About the Presentation
Anisotropic, partially faceted crystal growth, which determines the rich diversity of snowflake morphologies, also defines the component self-assembly and pattern formation that we observe during freeze casting, a manufacturing technique applicable to all classes of materials based on the directional solidification of aqueous solutions and slurries. What makes the resulting ice-templated materials so attractive is that, after freeze drying, they possess complex hierarchical architectures and porosities, which can span dimensions from the nano- to the macroscale, just like natural materials. This is the reason why freeze casting is highly attractive for the manufacture of biomaterials, which frequently are required to mimic several of the structural and functional characteristics of their natural counterparts. Illustrated will be how different mechanisms that drive structure formation during processing can be employed in the material’s structural and property optimization for biomedical applications, such as peripheral nerve repair.

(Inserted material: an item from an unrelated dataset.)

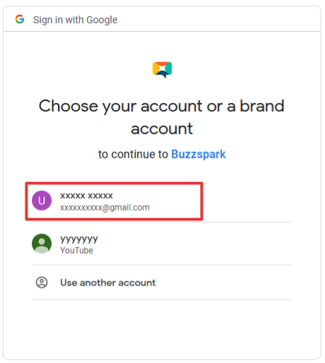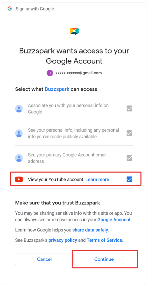 Ensure that the View your YouTube account permission is selected and click on the _Continue _button to authorise Buzzspark to access your account. Buzzspark will never publish content on your behalf and at no point will your account information be exposed or used by Buzzspark for anything other than aggregating content.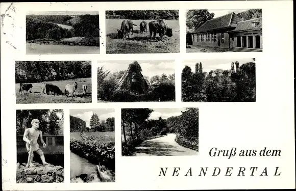 Ak Mettmann, Neandertal, Panorama, Statue, Pferdekoppel, Bisente

Xuan Zhang, INM–Leibniz Institute for New Materials
"Bioinspired Designs for Micro-Object Releasing"
About the Presentation
Microstructured surfaces have become an innovative and sustainable strategy for robotic gripping and handling. One crucial problem appears in micro robotic handling: the release and precise placement of superlight micro-objects which, for dimensional reasons, tend to stick tenaciously to other surfaces. As the objects shrink in size, their gravitation will be too small to allow detachment by conventional mechanisms. Here, we have proposed several bioinspired designs for controlled release mechanisms of micro-objects. Following theory, numerical simulations, and demonstration experiments, fibirils with geometry modifications arranged in regular pattern, and a metastructure involving a snap-action were developed. These innovative designs proposed, due to the purely mechanical trigger for realizing the release and unprecedented high switching ratio ~104, have the potential to create a newly energy-efficient paradigm for handling and placing superlight objects.

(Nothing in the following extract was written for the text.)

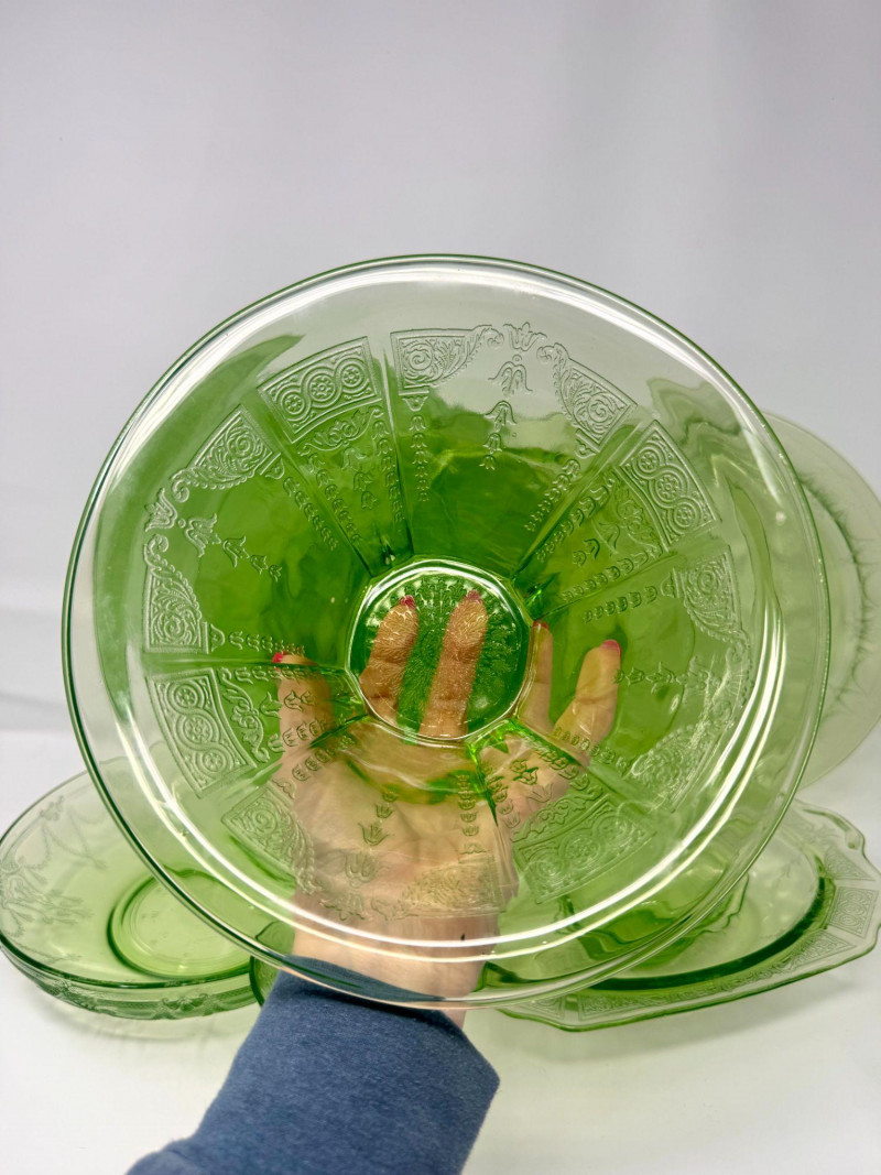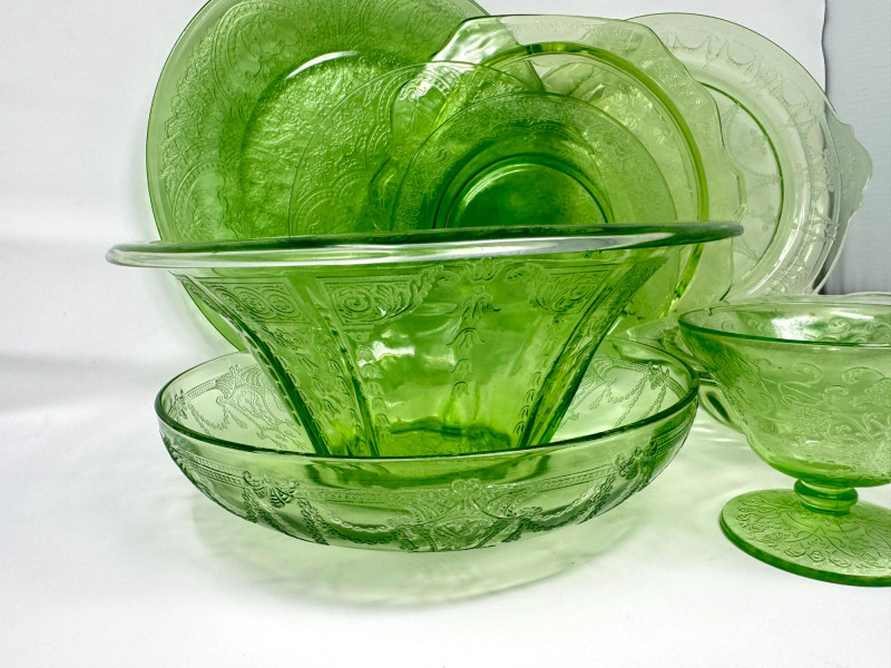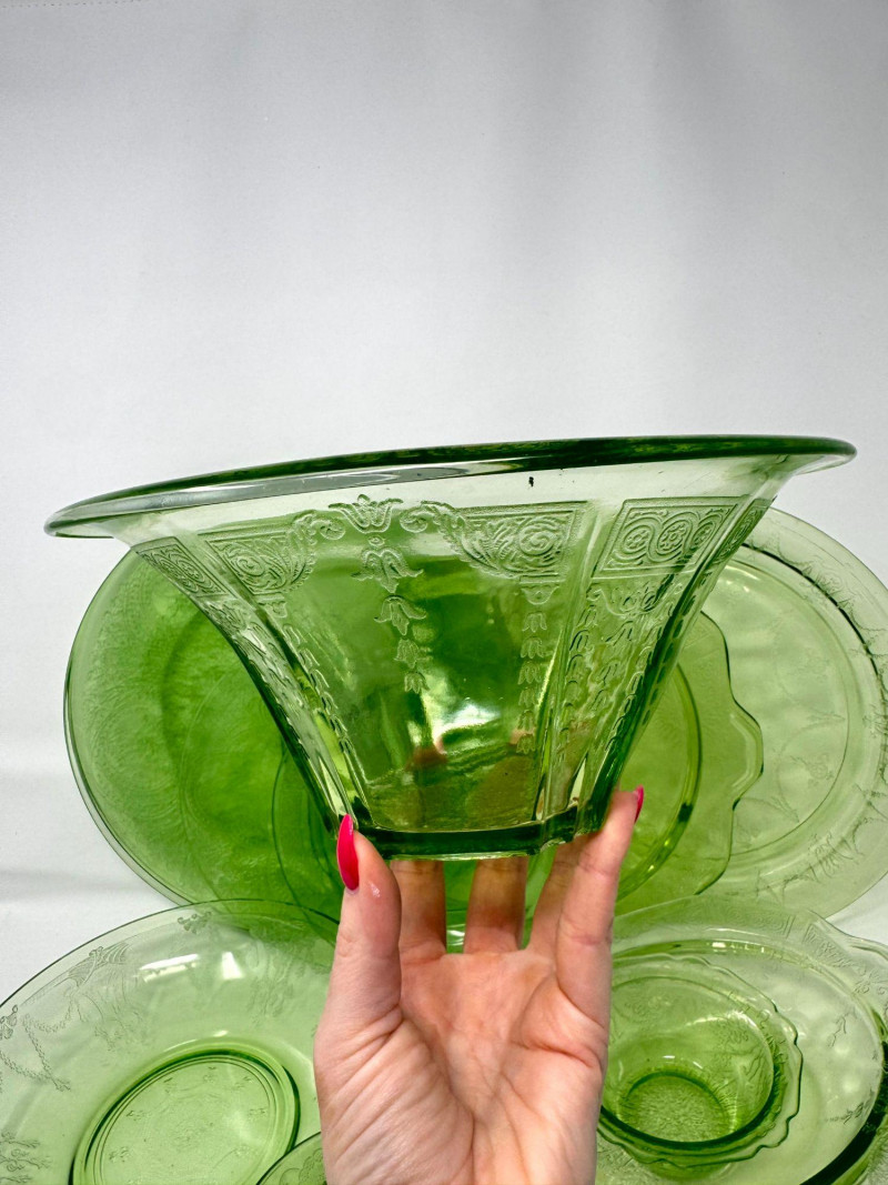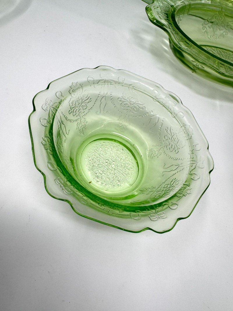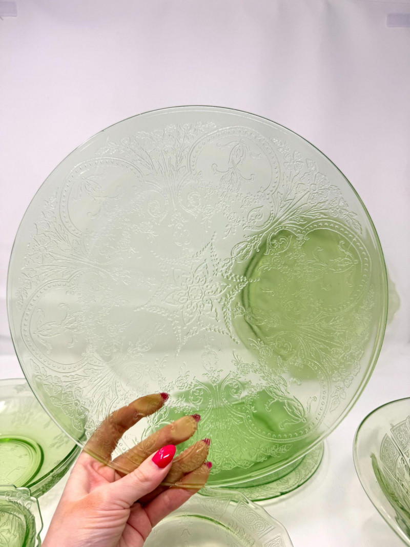Vintage Green Depression Glass Serving Set w/ Plates, Bowls & Trays. Includes: Condition:

Christoph Keplinger, Max Planck Institute for Intelligent Systems
"Artificial Muscles for the Lifelike Robots of the Future"
About the Presentation
Robots today rely on rigid components and electric motors, making them heavy, unsafe near humans, expensive, and ill-suited for unpredictable environments. Nature, in contrast, uses soft materials like muscle and skin, and has produced organisms that drastically outperform robots in terms of agility, dexterity, and adaptability. To create a new generation of lifelike robots that match the vast capabilities of biological systems, we need to develop actuators that replicate the astonishing all-around actuation performance of muscle. Hydraulically Amplified Self-healing ELectrostatic (HASEL) transducers are a new class of self-sensing, high-performance muscle-mimetic actuators, which are electrically driven and match or exceed most performance metrics of biological muscle; modeling results reveal rich underlying materials science to be further explored, and they lay out a roadmap towards HASELs with drastically improved performance, far surpassing both biological muscle and traditional electromagnetic motors. This talk gives an overview of the latest research results and commercialization efforts.